Le Yemen est dans un état de quasi guerre civile et semble suivre un scénario à la Libyenne. Des défections se font jour dans la diplomatie et dans l’armée. Les chefs de la tribu la plus puissante du Yemen, les hashid, ont rejoint l’insurrection. Les insurgés du sud-est et chiites dans le Nord sont passés à l’offensive. 6 policiers yéménites sont morts dans une attentat à la bombe à Aden dans le sud du pays (almotamar.net). La police de Dubaï, aux Emirats Arabes Unis, a annoncé avoir saisi une cargaison de 16 000 pistolets à destination du Yemen (emirates 24/7). Le président Saleh acculé à la sortie par la population civile et la communauté internationale, essaie de se maintenir au pouvoir.

L’operation Yemen des Anonymous est en court. Vous pouvez avoir plus d’infos sur le pad, ici.
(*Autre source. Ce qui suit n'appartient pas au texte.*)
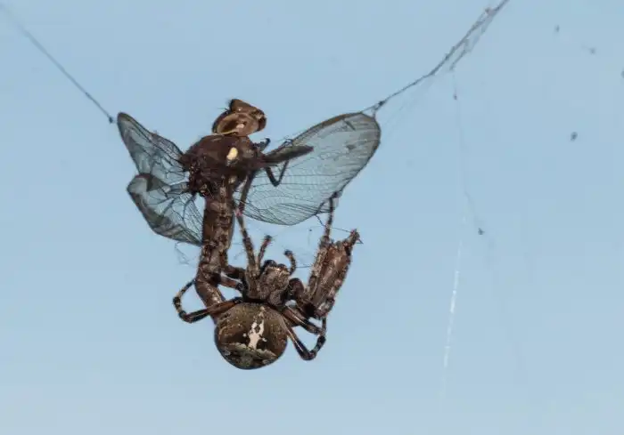 Иногда крупные насекомые не сбивают сеть-ловушку, а попадают в неё, что выдаётся паукам лишь на руку.
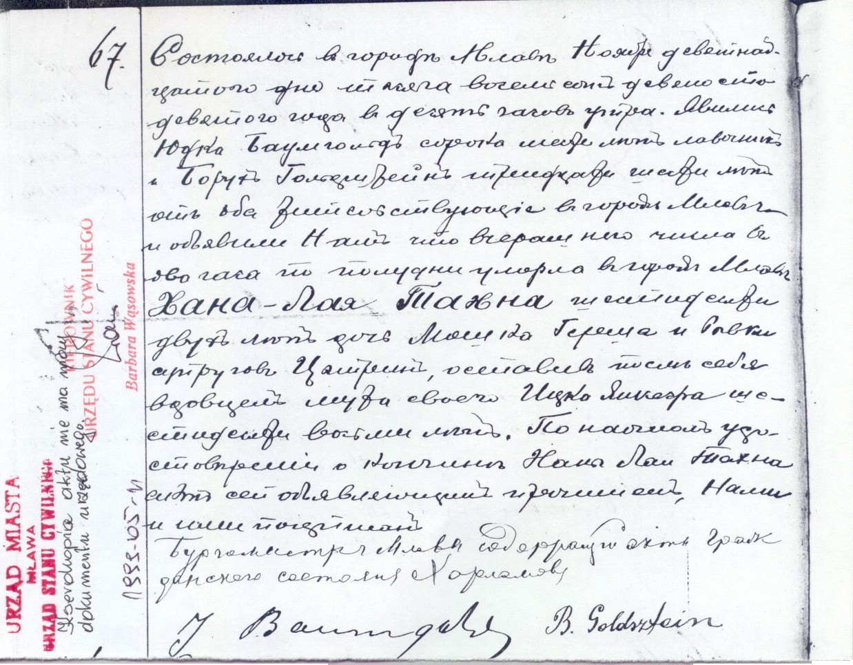 It happened in the town of Mlawa on the nineteenth day of November in the year eighteen hundred and ninety nine at ten o’clock in the morning. Judka Baumgold, age forty six, shop-keeper, and Boruch Goldsztejn, age thirty six, both of whom residing in the town of Mlawa, appeared and declared that yesterday at two o’clock in the afternoon Chana Laja [Channah Leah daughter of Moshe Tzvi] Tachna died in the town of Mlawa, age sixty two, daughter of the married couple Cytryn (Citrin), Moszek Hersz [Moshe Tzvi] and Rywka [Rivke], leaving behind her widowed husband Icek Jankief [Yitzhak Yakov son of Yehudah Ha-Levy], age sixty eight.  After having convinced ourselves with our own eyes about the death of Chana Laja Tachna, this document was read to the testifiers, signed by us and them.
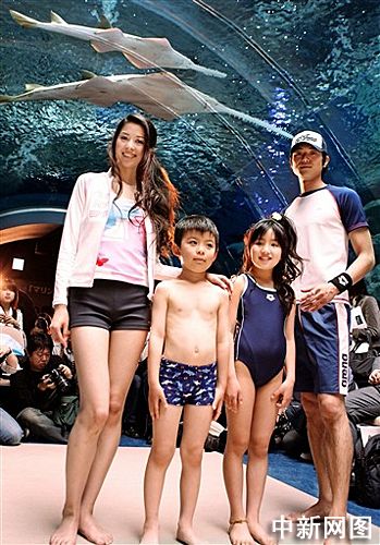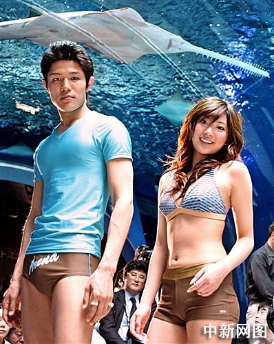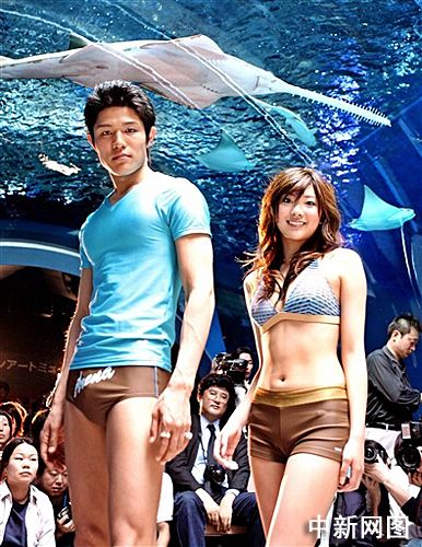 2006年5月22日,模特们在日本东京一家水族馆展示由日本著名运动服制造商迪桑特(Descente)设计的泳装。 迪桑特将开始研制一系列高科技材料制成的快速干燥及防紫外线服装。(法新图)

N’oublions pas non plus le Bahreïn, dont le sacrifice de la population semble être le pris à payer pour l’intervention en Libye. L’Arabie Saoudite et les Emirats Arabes Unis qui ont envoyé des soldats au Bahreïn pour réprimer les manifestations soutiennent les bombardements des forces armées libyennes. On signale une fusillade dans la mosquée de Tubli, il y aurait des femmes et des enfants parmi les victimes.  La répression est particulièrement violente au Bahreïn comme le montre cette vidéo sur youtube qui montre des policiers tabasser un homme lors de la fouille de son véhicule:

On signale aussi que le corps de l’activiste Hani abdul aziz, kidnappé alors qu’il était hospitalisé, a été retrouvé sans vie.  Une vidéo a été posté en hommage aux opposants tués:

Le dernier rapport des nations-unies la semaine dernière faisait état de 418 morts en Côte d’Ivoire depuis la mi-décembre 2010 (paris-match) mais le nombre de tués ne cesse de croître. Les exactions quotidiennes des milices pro-Gbagbo ou LMP (La Mort Partout) font plusieurs victimes chaque jour. La Côte d’Ivoire fait face à la suppression des subsides pour sanctionner le gouvernement de Gbagbo qui vit sur les fonds de trésorerie. Ainsi, le chômage augmente de manière affolante, les fonctionnaires ne sont presque plus payer et les rebelles ont repris les armes pour chasser Gabgbo du pouvoir. La Côte d’Ivoire fait face à une situation de guerre civile qui se mêle à des pénuries alimentaires et une dure situation économique. L’accroissement des tensions est propice aux exécutions sommaires, les milices LMP ne reculent devant rien pour faire taire les opposants. Une vidéo sur youtube montre le quartier d’Abobo après un raid d’une milice pro-Gabgbo. ATTENTION! LES IMAGES PEUVENT HEURTER LA SENSIBILITÉ:

Lundi soir, on signalait un plusieurs raids pro-Gabgbo:

ALERTE !! LMP (La MORT PARTOUT) vient de LACHER UNE MILICE au quartier laurRier 9 sur la rte de bingerville face genie 2000 #CIV2010

Alerte!! Descente musclée de miliciens chez l’oncle du PR ADO: 1 mort+1homme (Konaté Siaka) enlevé, une voiture 4X4 volée immat 785 #Clifci

Aujourd’hui, la même personne twittait encore:

RT: @gabnorev: 16h20 – 23 mars Abidjan –Obus lancés sur Abobo kennedy vers 14h00, bilan: 4 morts signalés. #ivorycoast #civ2010 #clifci #civ

La Côte d’Ivoire vit dans la peur des attaques qui peuvent survenir à tout moment et faucher en un rien de temps des vies innocentes. La violence des partisans du président Gbagbo est aveugle et ne fait aucune distinction, il suffit d’être d’une ethnie différente, de vivre dans un quartier opposé au pouvoir et d’être d’une autre religion pour subir les attaques. On parle de plusieurs mosquées brûlées par les milices.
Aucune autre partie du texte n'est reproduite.